* [Work request]
Transcribe only the stretch of lines that opens with the line containing "3枚目 : ムギラン(麦蘭、Bulbophyllum" and closes with the last line of the listing, skipping pictures.

*** Begin section ***

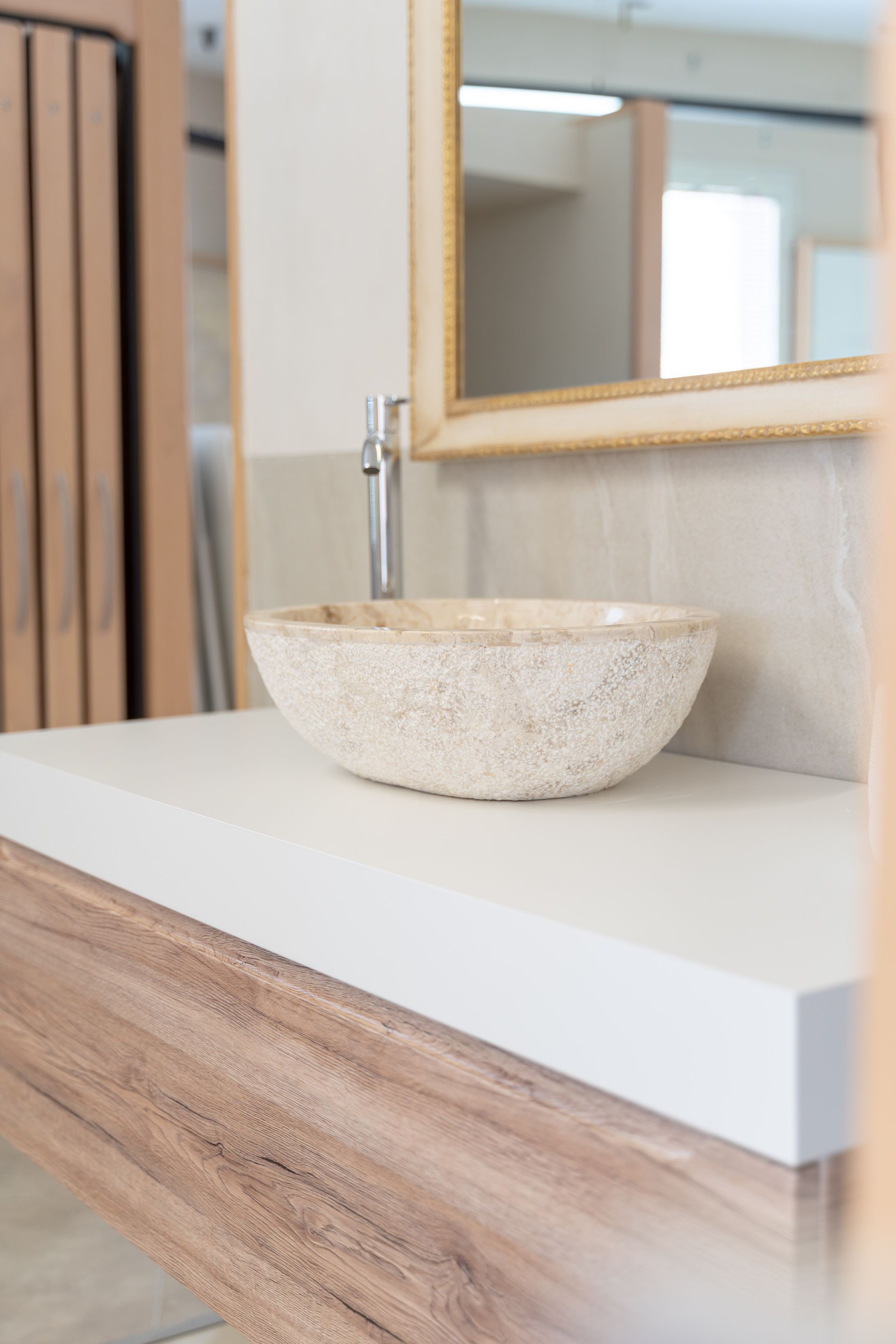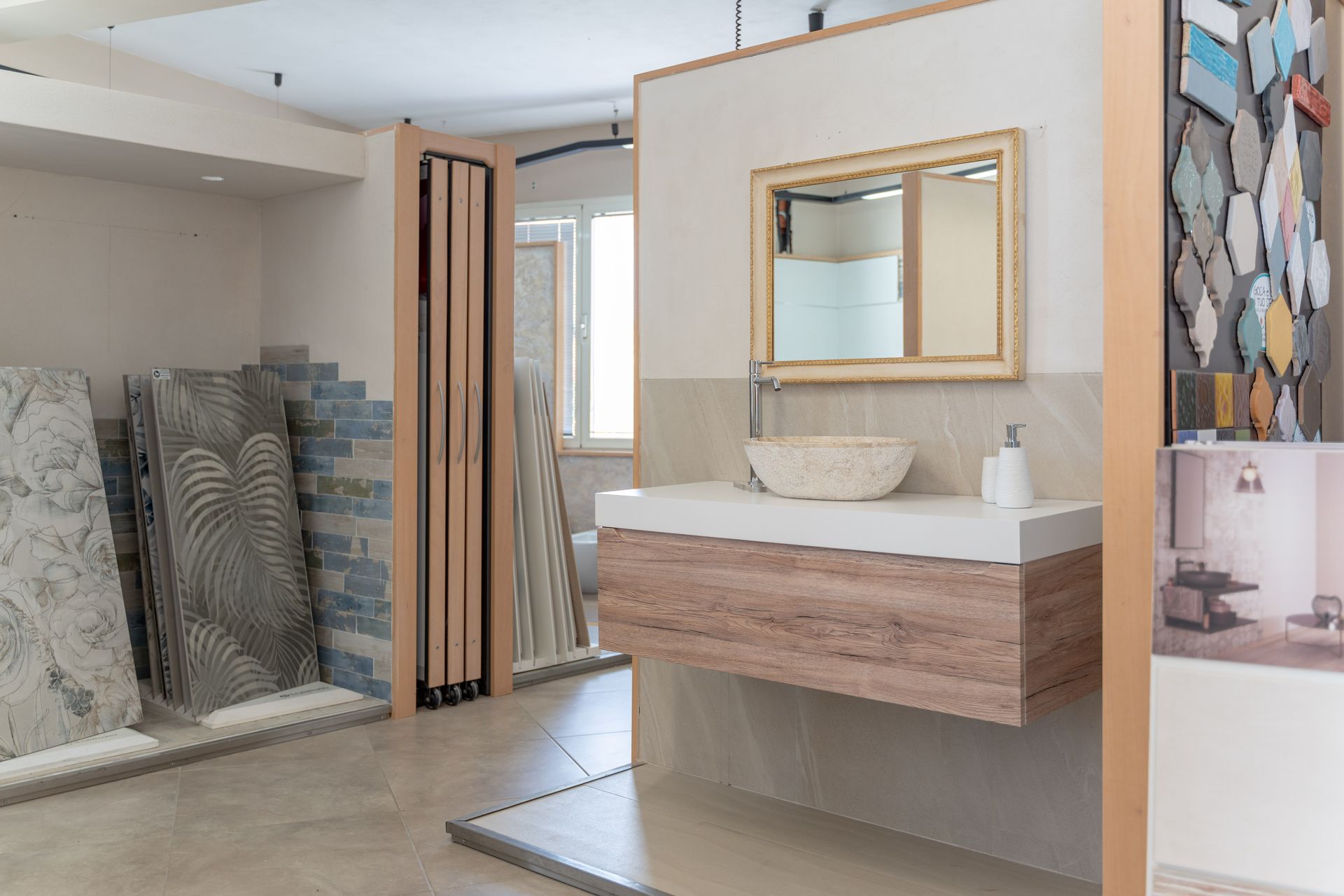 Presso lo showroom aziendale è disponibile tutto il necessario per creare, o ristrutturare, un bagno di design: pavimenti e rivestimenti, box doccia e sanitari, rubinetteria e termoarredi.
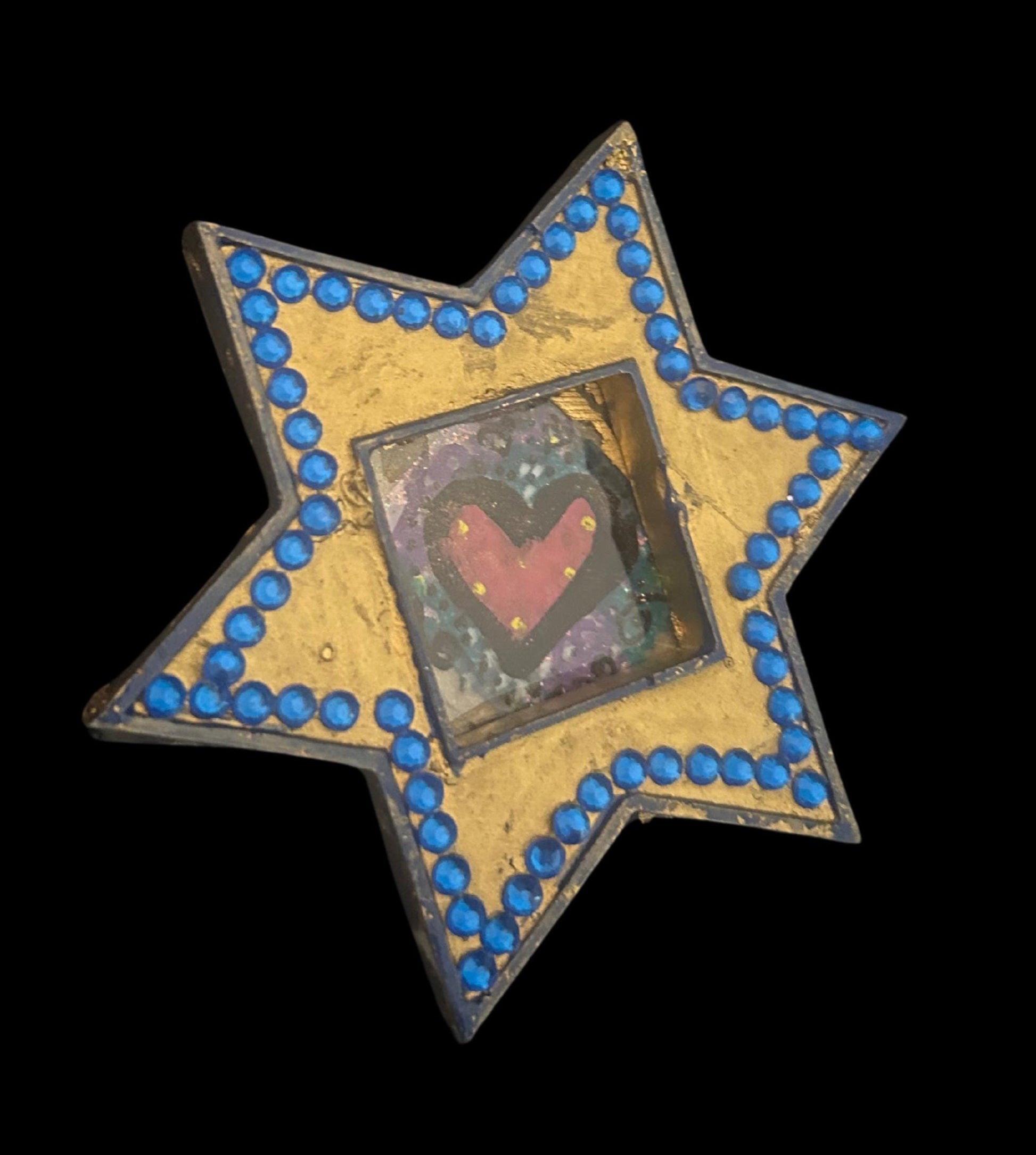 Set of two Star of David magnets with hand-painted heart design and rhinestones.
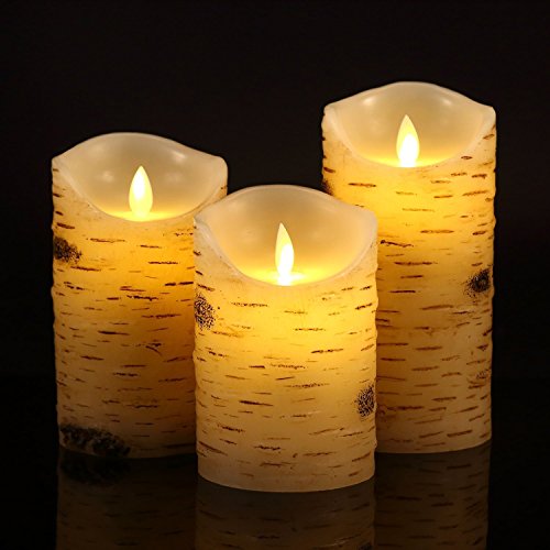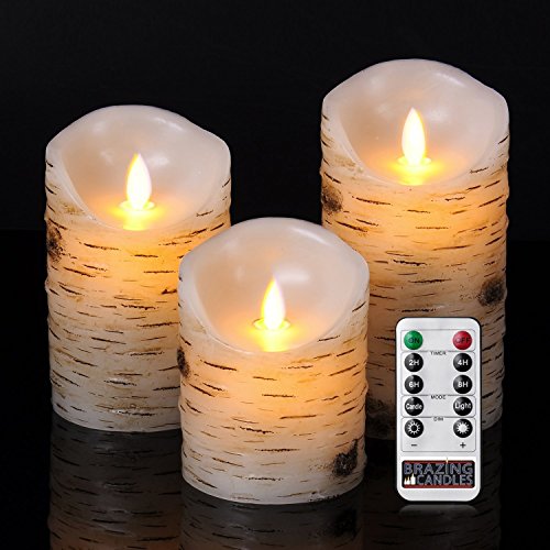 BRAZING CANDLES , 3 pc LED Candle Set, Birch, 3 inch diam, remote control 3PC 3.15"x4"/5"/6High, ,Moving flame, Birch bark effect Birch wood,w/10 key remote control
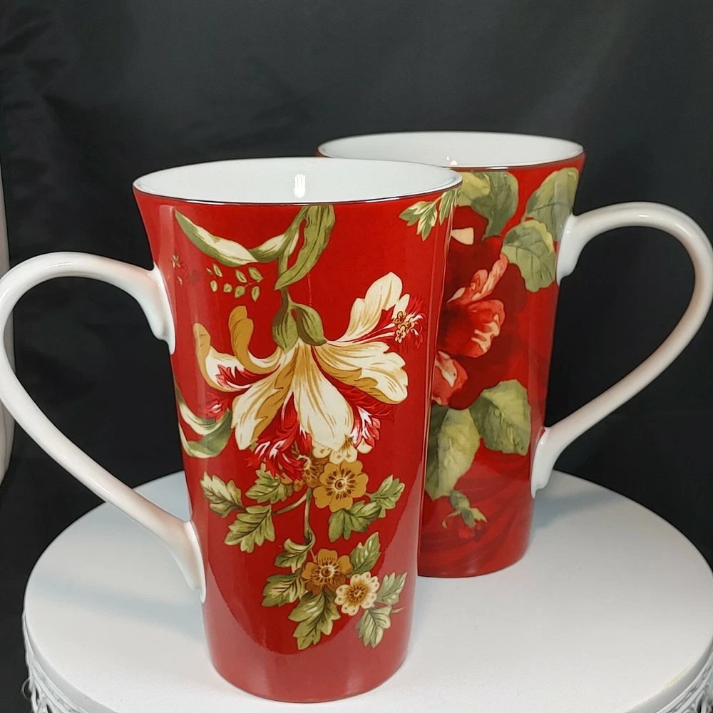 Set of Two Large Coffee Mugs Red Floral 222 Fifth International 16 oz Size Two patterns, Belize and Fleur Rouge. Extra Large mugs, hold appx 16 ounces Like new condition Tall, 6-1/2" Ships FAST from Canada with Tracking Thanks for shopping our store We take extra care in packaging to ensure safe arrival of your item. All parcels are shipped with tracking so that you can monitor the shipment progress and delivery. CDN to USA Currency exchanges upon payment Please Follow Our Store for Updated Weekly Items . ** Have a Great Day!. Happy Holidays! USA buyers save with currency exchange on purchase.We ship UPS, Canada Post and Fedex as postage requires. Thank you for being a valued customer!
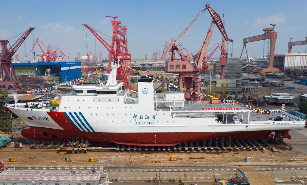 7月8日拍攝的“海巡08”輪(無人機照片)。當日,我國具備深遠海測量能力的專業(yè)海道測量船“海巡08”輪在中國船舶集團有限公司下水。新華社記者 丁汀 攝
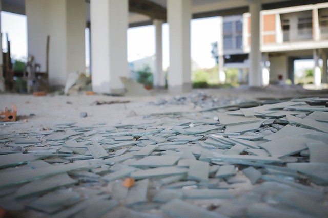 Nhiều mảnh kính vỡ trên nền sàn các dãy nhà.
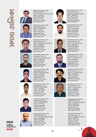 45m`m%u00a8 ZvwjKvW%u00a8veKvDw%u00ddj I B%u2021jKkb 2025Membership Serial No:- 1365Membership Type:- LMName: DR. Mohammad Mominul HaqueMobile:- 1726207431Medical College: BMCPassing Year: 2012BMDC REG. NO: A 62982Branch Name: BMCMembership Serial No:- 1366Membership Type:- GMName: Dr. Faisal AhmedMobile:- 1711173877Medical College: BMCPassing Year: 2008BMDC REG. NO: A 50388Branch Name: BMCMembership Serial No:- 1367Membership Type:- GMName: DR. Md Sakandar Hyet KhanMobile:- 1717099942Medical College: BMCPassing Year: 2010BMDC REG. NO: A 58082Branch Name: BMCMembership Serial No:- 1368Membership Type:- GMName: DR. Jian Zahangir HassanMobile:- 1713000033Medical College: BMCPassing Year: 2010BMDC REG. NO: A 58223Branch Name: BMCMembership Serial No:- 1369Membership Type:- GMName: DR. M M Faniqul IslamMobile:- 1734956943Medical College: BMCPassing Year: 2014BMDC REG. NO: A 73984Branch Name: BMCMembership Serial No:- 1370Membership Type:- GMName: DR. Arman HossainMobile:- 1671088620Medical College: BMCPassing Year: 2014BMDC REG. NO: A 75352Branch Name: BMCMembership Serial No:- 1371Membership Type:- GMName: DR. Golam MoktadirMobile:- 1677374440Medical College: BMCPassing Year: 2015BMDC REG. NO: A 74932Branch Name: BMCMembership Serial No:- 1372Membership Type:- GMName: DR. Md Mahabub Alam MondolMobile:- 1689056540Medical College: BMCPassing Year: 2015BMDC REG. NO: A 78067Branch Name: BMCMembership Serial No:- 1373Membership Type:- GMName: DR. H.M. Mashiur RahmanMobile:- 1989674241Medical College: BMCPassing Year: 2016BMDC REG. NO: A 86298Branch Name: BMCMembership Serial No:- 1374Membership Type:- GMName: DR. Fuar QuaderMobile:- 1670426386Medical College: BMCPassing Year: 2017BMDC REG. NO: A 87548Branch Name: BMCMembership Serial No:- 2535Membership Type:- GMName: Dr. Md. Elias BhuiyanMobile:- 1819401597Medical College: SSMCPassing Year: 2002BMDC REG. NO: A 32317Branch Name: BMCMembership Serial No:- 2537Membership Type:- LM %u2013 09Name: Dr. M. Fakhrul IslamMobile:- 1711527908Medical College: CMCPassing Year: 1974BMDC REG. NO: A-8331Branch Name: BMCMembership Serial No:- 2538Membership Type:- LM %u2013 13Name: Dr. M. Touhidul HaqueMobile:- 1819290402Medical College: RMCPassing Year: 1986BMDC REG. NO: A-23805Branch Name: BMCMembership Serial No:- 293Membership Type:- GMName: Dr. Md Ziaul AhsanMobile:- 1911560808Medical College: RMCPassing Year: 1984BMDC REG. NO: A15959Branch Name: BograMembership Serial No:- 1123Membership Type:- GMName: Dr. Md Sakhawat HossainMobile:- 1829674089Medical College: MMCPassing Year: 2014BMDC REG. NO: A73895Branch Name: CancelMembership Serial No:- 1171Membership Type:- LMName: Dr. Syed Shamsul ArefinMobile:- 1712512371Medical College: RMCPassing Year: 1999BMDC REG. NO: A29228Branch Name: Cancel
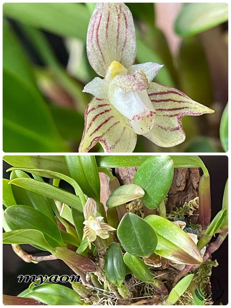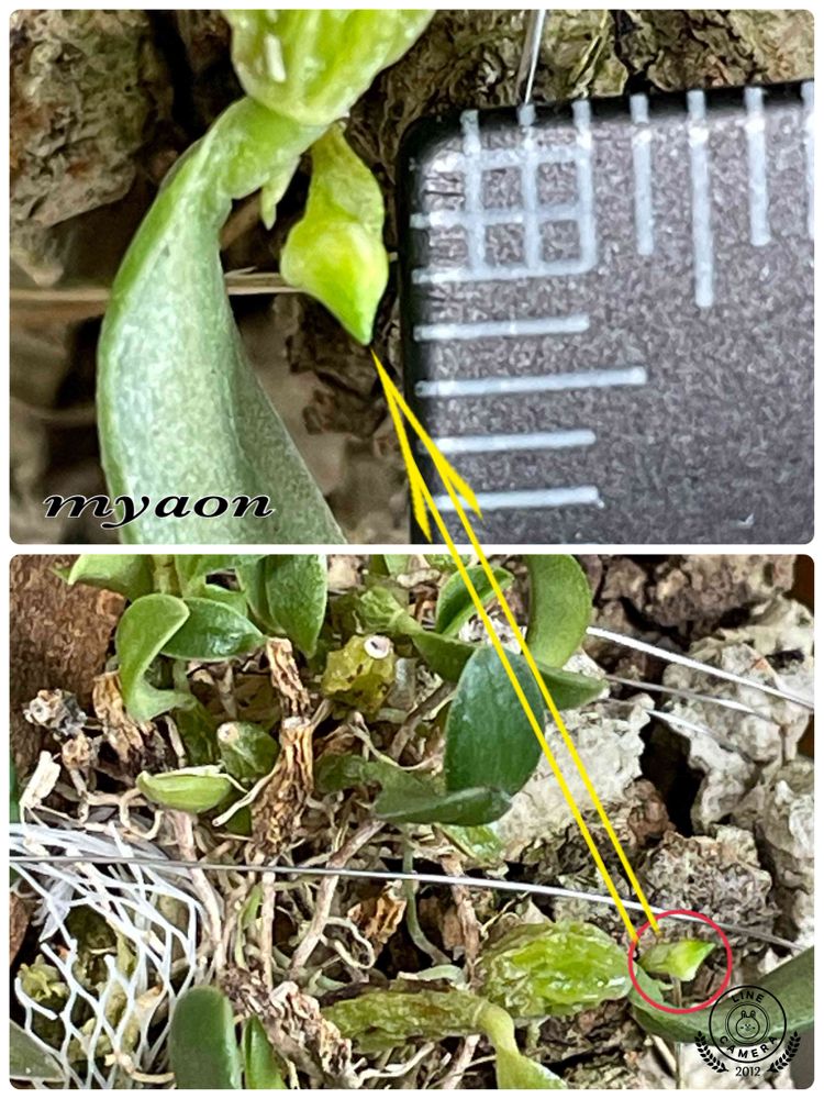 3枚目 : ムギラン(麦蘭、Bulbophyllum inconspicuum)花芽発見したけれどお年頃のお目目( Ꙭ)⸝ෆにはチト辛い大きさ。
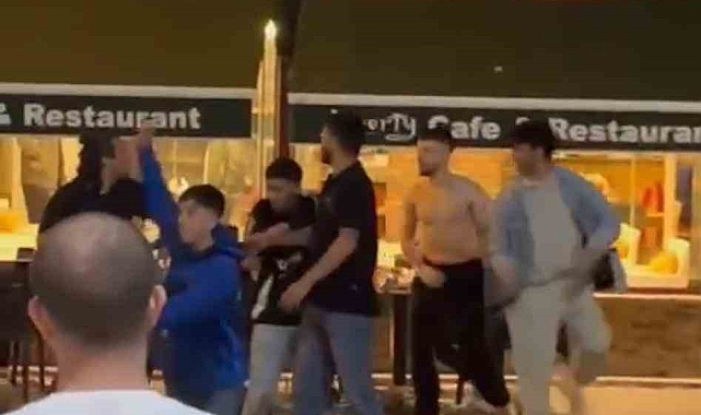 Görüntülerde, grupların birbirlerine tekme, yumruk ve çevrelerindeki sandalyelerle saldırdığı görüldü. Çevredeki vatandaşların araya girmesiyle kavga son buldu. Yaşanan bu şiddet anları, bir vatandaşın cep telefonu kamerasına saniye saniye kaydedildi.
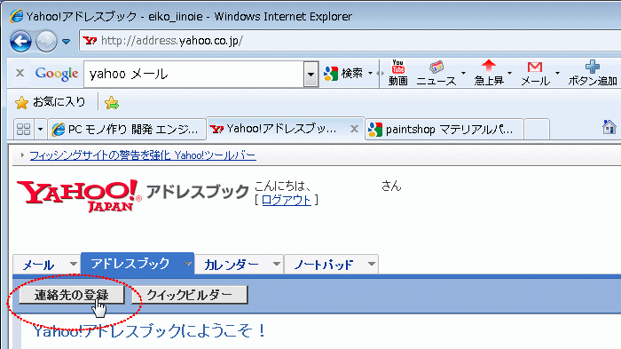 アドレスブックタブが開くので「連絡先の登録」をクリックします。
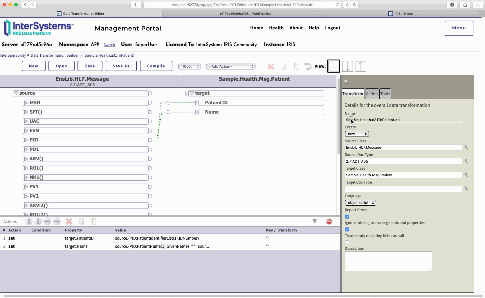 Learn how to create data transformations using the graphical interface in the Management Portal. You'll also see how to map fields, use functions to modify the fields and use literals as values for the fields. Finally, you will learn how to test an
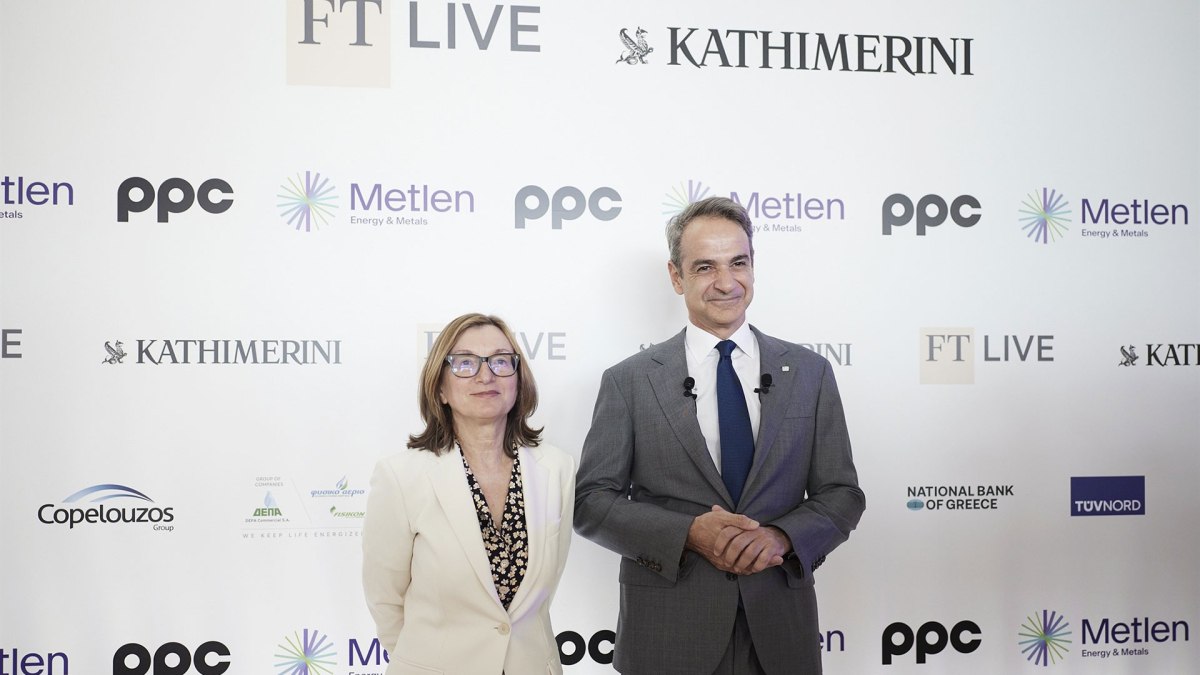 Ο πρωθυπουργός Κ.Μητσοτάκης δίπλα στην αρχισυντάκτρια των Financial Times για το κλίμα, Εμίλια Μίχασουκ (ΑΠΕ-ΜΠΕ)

*** End section ***

* [Exercise result]
 3枚目 : ムギラン(麦蘭、Bulbophyllum inconspicuum)花芽発見したけれどお年頃のお目目( Ꙭ)⸝ෆにはチト辛い大きさ。
 Görüntülerde, grupların birbirlerine tekme, yumruk ve çevrelerindeki sandalyelerle saldırdığı görüldü. Çevredeki vatandaşların araya girmesiyle kavga son buldu. Yaşanan bu şiddet anları, bir vatandaşın cep telefonu kamerasına saniye saniye kaydedildi.
 アドレスブックタブが開くので「連絡先の登録」をクリックします。
 Learn how to create data transformations using the graphical interface in the Management Portal. You'll also see how to map fields, use functions to modify the fields and use literals as values for the fields. Finally, you will learn how to test an
 Ο πρωθυπουργός Κ.Μητσοτάκης δίπλα στην αρχισυντάκτρια των Financial Times για το κλίμα, Εμίλια Μίχασουκ (ΑΠΕ-ΜΠΕ)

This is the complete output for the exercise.